The pigs’ growth potential is determined by genotype and influenced by environmental and nutritional limitations (Gu et al., 1992; Schinckel and de Lange, 1996; Skinner et al., 2014). However, compensatory growth demonstrates that pigs have the capacity to achieve a rate of growth above the expected growth potential for a period of time. The pertaining question is: why not all pigs grow at the maximum rate throughout the growth period? Clues may be presented in other literature in other species. Particularly, in some species of animals in which adult size is important for fitness, reproduction, and survival, the acceleration of growth rate would allow animals to reach adult size at a younger age. However, there are often longevity costs associated with acceleration of growth in some species, including cellular damage, developmental errors, and senescence (Metcalfe and Monaghan, 2003). The intrinsic trade-off between benefits and costs of maximal growth rate varies within species, individuals, environment, and nutrition (Metcalfe and Monaghan, 2003). In the case of compensatory growth, the costs of acceleration of growth rate are often lower than the long-term consequences of previous nutritional restriction and impairment of adult size and weight (Metcalfe and Monaghan, 2001).

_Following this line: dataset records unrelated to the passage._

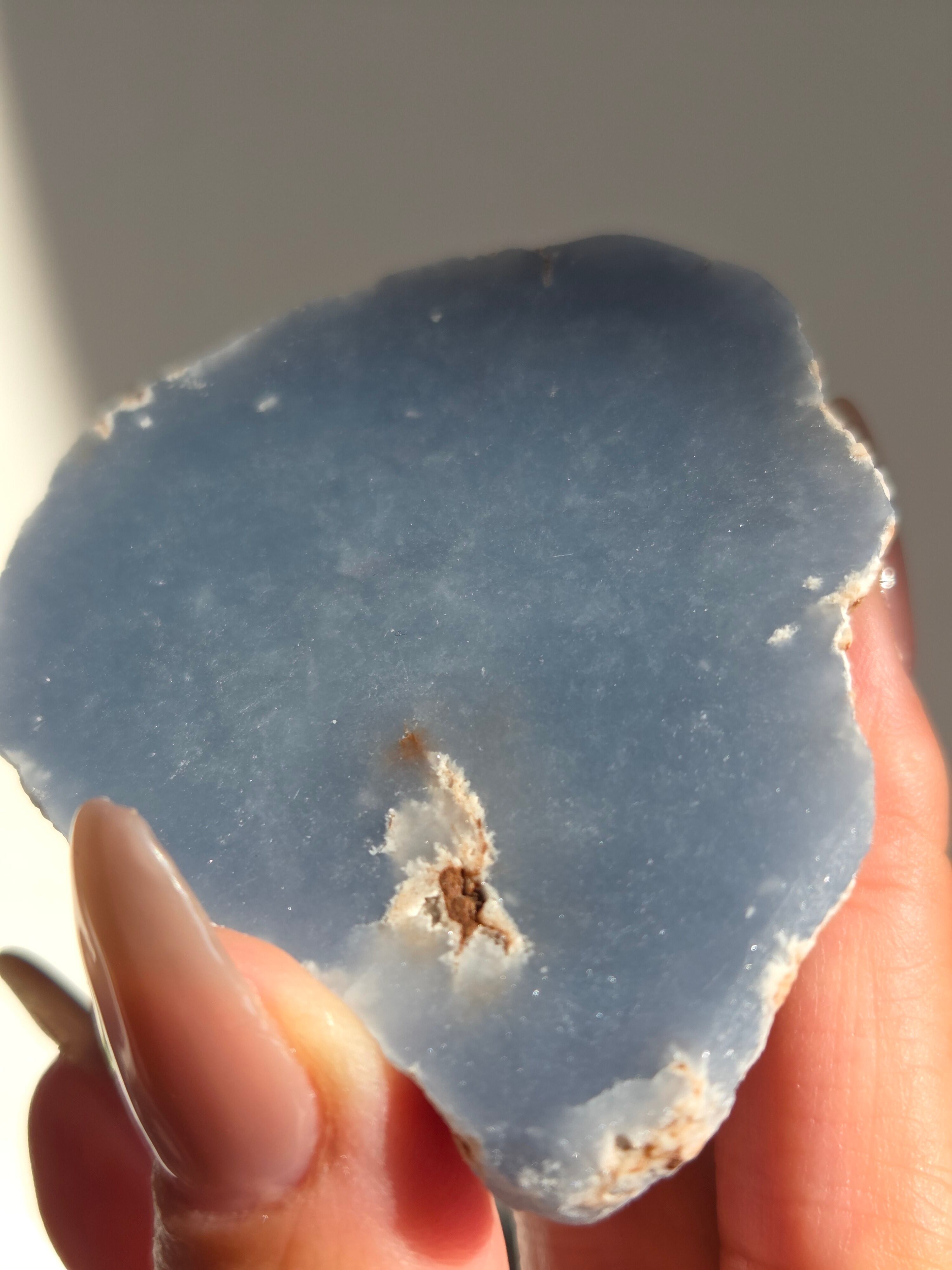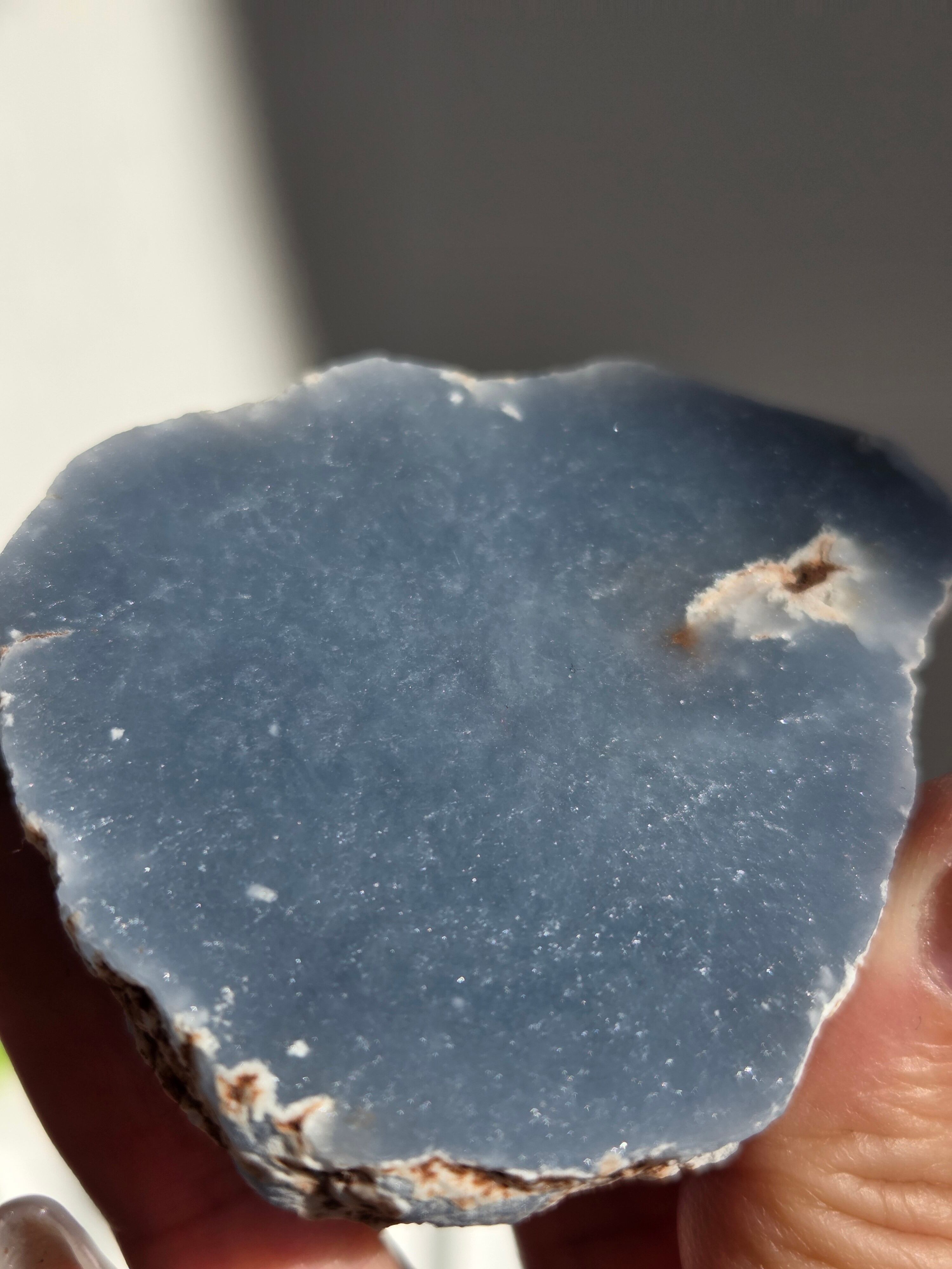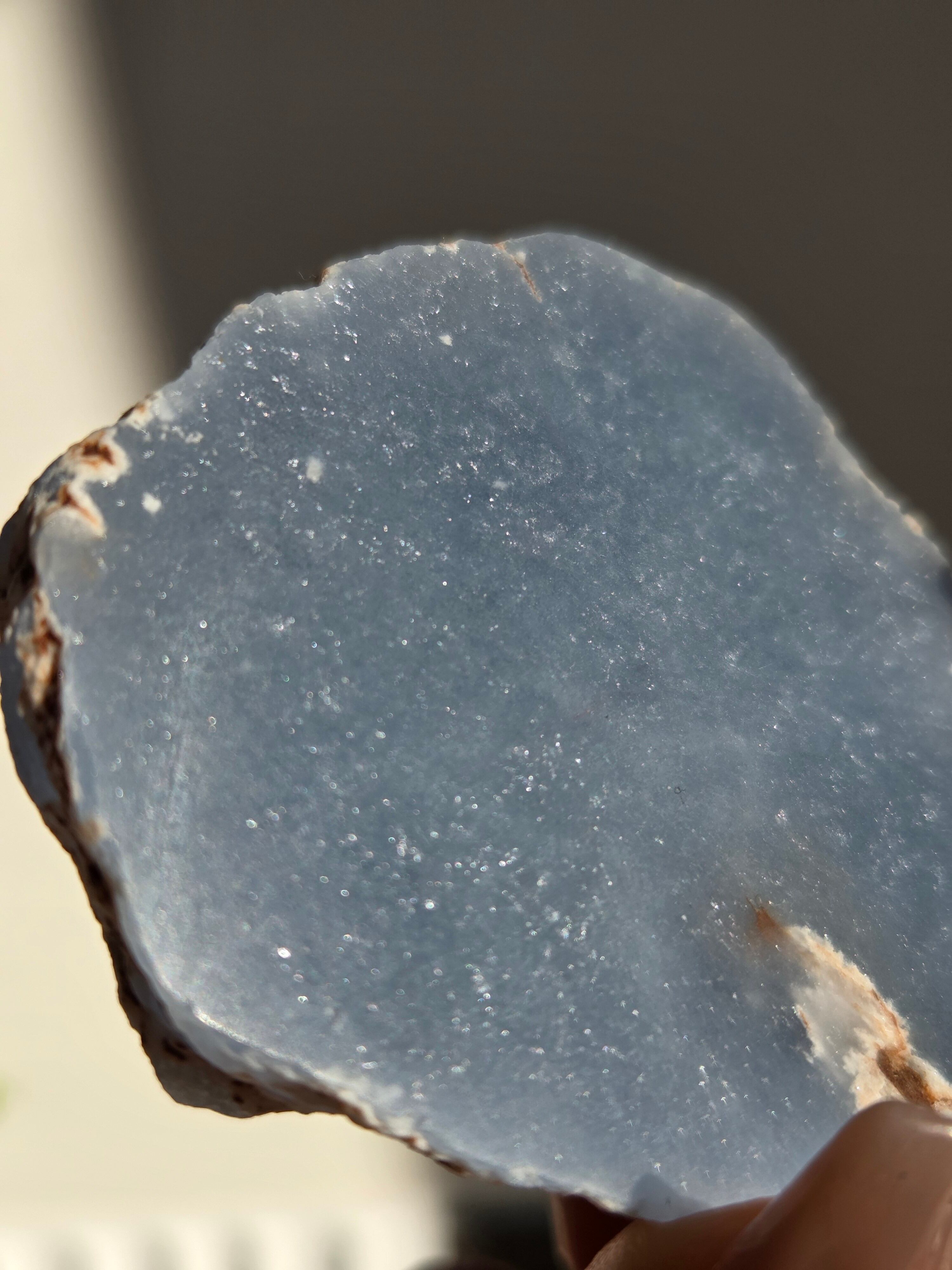エンジェライトの優しいブルーカラーに、キラキラ細かなラメのような煌めきが素敵なスラブです。
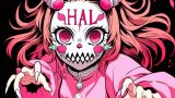 荒木飛呂彦風の漫画ラフ画、女性レスラー、ピンクのスケルトンタイツ、ドクロマーク、レスラーマスク、覆面レスラー、覆面マスク、頬が赤丸ほっぺた、ホッペタが赤くて丸い、ほっぺたレッド、全身、レスラーブーツ、フルボディ、肩に小鳥、1人、水彩カラー、周りにフラワーフレーム
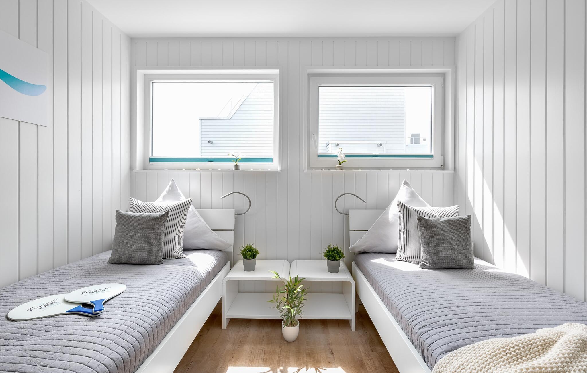 I det första sovrummet väntar en bekväm dubbelsäng med en sovyta på 1,60 x 2,00 m, där du kan se ut över vattnet och himlen när du ligger ner tack vare fönstren från golv till tak. Det andra sovrummet har två enkelsängar. Det finns en TV i båda sovrummen. Inbyggda garderober med bagagehyllor och gott om krokar erbjuder gott om förvaringsutrymme. Titta på de mjuka vågorna på den omslutande terrassen direkt från din solstol. Närmare Östersjön kan man inte komma!
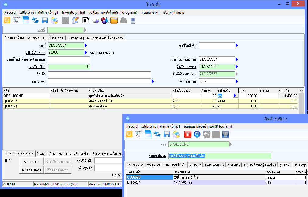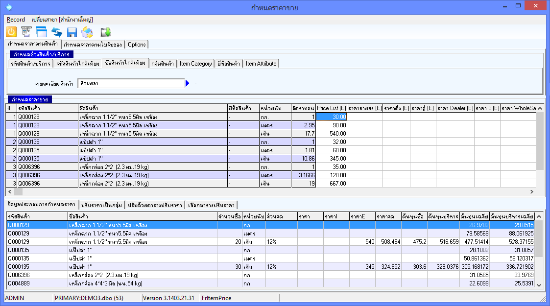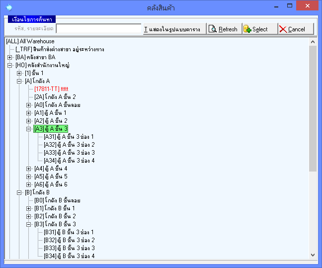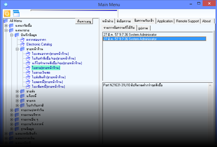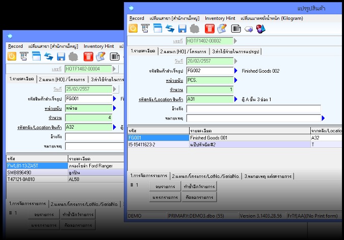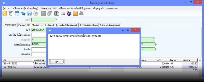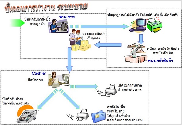 การค้นหาสินค้า สินค้าในระบบจำนวนมาก หากไม่สามารถค้นหาสิ่งที่ลูกค้าต้องการได้ เท่ากับระบบล้มเหลวในทันที เพราะไม่สามารถเปิดบิลได้ นอกจากนี้การค้นหาโปรแกรมสามารถทำได้ใช้เงื่อนไขได้หลายอย่าง การค้นหาด้วยข้อความสั้น ๆ ประกอบกัน การระบุยี่ห้อสินค้าช่วยค้นหา และสิ่งที่เกิดปัญหาบ่อย ๆ คือ คีย์ค้นหาด้วยคำว่า ออโต แต่ไม่พบข้อมูลเพราะในฐานข้อมูลบันทึกด้วยคำว่า อัตโนมัติ - การแสดงเบอร์แทนกรณีสินค้าหมด หรือราคาสูงไปสำหรับลูกค้า - การระบุสินค้าที่ต้องการทีละหลาย ๆ รายการโดยไม่ต้องเปิด-ปิดหน้าต่างค้นหาหลายครั้ง ทั้งหมดเพื่อให้การค้นหาสินค้าทำได้ง่ายที่สุด เร็วที่สุด และหาได้พบ ![]() การเพิ่มความรวดเร็วในการคีย์ข้อความค้นหา เนื่องจากหลาย ๆ คำสะกดยาก หรือไม่มีความชำนาญในการใช้คีย์บอร์ด ก็สามารถเรียกใช้ตารางคำที่ใช้บ่อย ๆ มาประกอบกันเพื่อค้นหาสินค้า ![]() หากยังไม่สามารถค้นหาได้ โปรแกรมยังมีระบบการค้นหาสินค้าด้วยแผนผังรูป ![]() ฐานข้อมูลสินค้า ศูนย์กลางของระบบสินค้าคงคลังก็คือ ฐานข้อมูลสินค้า เป็นที่รวบรวมรายละเอียดของสินค้า เพื่อนำไปใช้ประโยชน์ ในงานต่าง ๆ ของโปรแกรม และเพื่อตอบสนองความหลากหลายของสินค้า สินค้าของโปรแกรมจึงมีได้หลายหน่วยนับ แต่ละหน่วยนับก็คนละราคา การบริหารจุดสั่งซื้อ ตำแหน่งเก็บสินค้า เบอร์แทนของสินค้า อะไหล่ใช้กับสินค้ารุ่นใดได้บ้าง การจัดกลุ่มจัดหมวดหมู่ของสินค้า เพื่อการวิเคราะห์ข้อมูล ฐานข้อมูลสินค้าจึงเปรียบเสมือนคลังความรู้เกียวกับสินค้า ที่ถูกถ่ายทอดลงในโปรแกรม ![]() การบันทึกภาพสินค้า ส่วนประกอบข้อมูลสินค้าที่มีประโยชน์มาก แต่มักทำได้ยาก โปรแกรมจึงมีวิธีการบันทึกภาพสินค้าการ Load รูปภาพมาใส่แบบเดิม หรือการคัดลอกรูปภาพจากโปรแกรมดูรูป หรือจาก Web Browser และที่สำคัญด้วยวิธีการที่ง่ายกว่า คือการถ่ายภาพด้วยกล้อง Web Camera ที่ติดอยู่กับเครื่องคอมพิวเตอร์ เพียงหันกล้องไปยังตัวสินค้า แล้วสั่ง Capture โปรแกรมก็ทำการบันทึกภาพเข้าโปรแกรมได้ทันที ไม่ต้อง Load จากกล้องมาลง Disk ก่อน แล้วจึงเรียกมาจับคู่กับสินค้า และโปรแกมยังสามารถบันทึกรูปสินค้าแต่ละสินค้าได้หลายรูป ง่ายกว่า เร็วกว่า สะดวกกว่า ![]() การแก้ไขรหัสสินค้า เมื่อระบบทำงานไปซักระยะหนึ่ง มักจะเกิดความคิดในการปรับปรุงคุณภาพข้อมูล สิ่งหนึ่งที่เกิดขึ้นบ่อยคือ ความต้องการเปลี่ยนรหัสสินค้า โปรแกรมสามารถสั่งแก้ไขรหัสสินค้าได้ แม้ว่าสินค้านั้นจะมีการเรียกใช้งานไปแล้ว ![]() การจัดชุด Package สินค้า สินค้าบางอย่างซื้อมาเป็นข้างซ้าย ข้าง
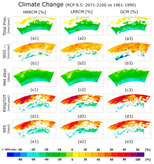 Change (percent, %) of the indexes defined in Section 2.2 in the RCP8.5 scenario simulation. All panels show the difference between the 1961–1990 and 2071–2100 periods according the HRRCM (first column), the LRRCM (second column), the GCM (third column). White areas denote points where differences are not statistically significant. Positive values denote higher index values in the future (2071–2100) period. Along the color bar, upper labels refer to SDII, the bottom ones refer to all the other indexes (a1–a3), annual total precipitation; (b1–b3), SDII index; (c1–c3), annual number of wet days; (d1–d3),), annual total precipitation amount when daily precipitation is greater than 95th percentile; (e1–e3), number of days when RR ≥ RRwn95.
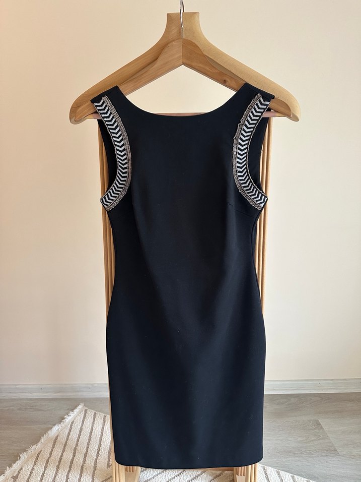 Siyah elbise, sırtı hafif u şeklinde kolu girik kol kenarlarında boncuk işleme detayı var. Sadece 1 kere giyildi.
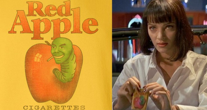 ◘ Тарантино не любит рекламу в кино. В его фильмах герои курят только сигареты придуманной Тарантино марки Red Apple. Единственным исключением является пачка сигарет Capitol W, которая появилась в одном кадре фильма "Доказательство смерти".
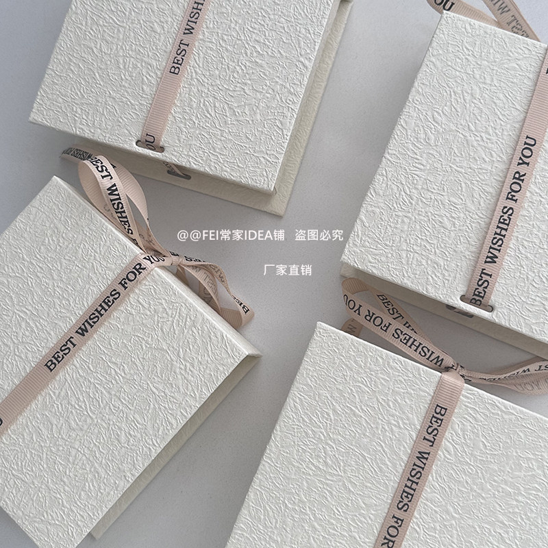 盒白色正方形系带伴手礼空盒 简约质感礼物盒子高级感磁吸项链包装

TYPES OF COMPENSATORY GROWTH

Theoretically, pigs can exhibit complete or incomplete compensatory growth. Complete compensatory growth or “catch-up growth” refers to the occurrence of faster growth rate of previously restricted pigs compared to nonrestricted pigs that leads to the attainment of similar BW at a similar age (Skiba, 2005; Hector and Nakagawa, 2012). Incomplete compensatory growth refers to the occurrence of faster growth rate of previously restricted pigs compared to nonrestricted pigs, but the magnitude or duration of increase in growth rate is not sufficient to result in similar BW at a similar age (Skiba, 2005; Hector and Nakagawa, 2012).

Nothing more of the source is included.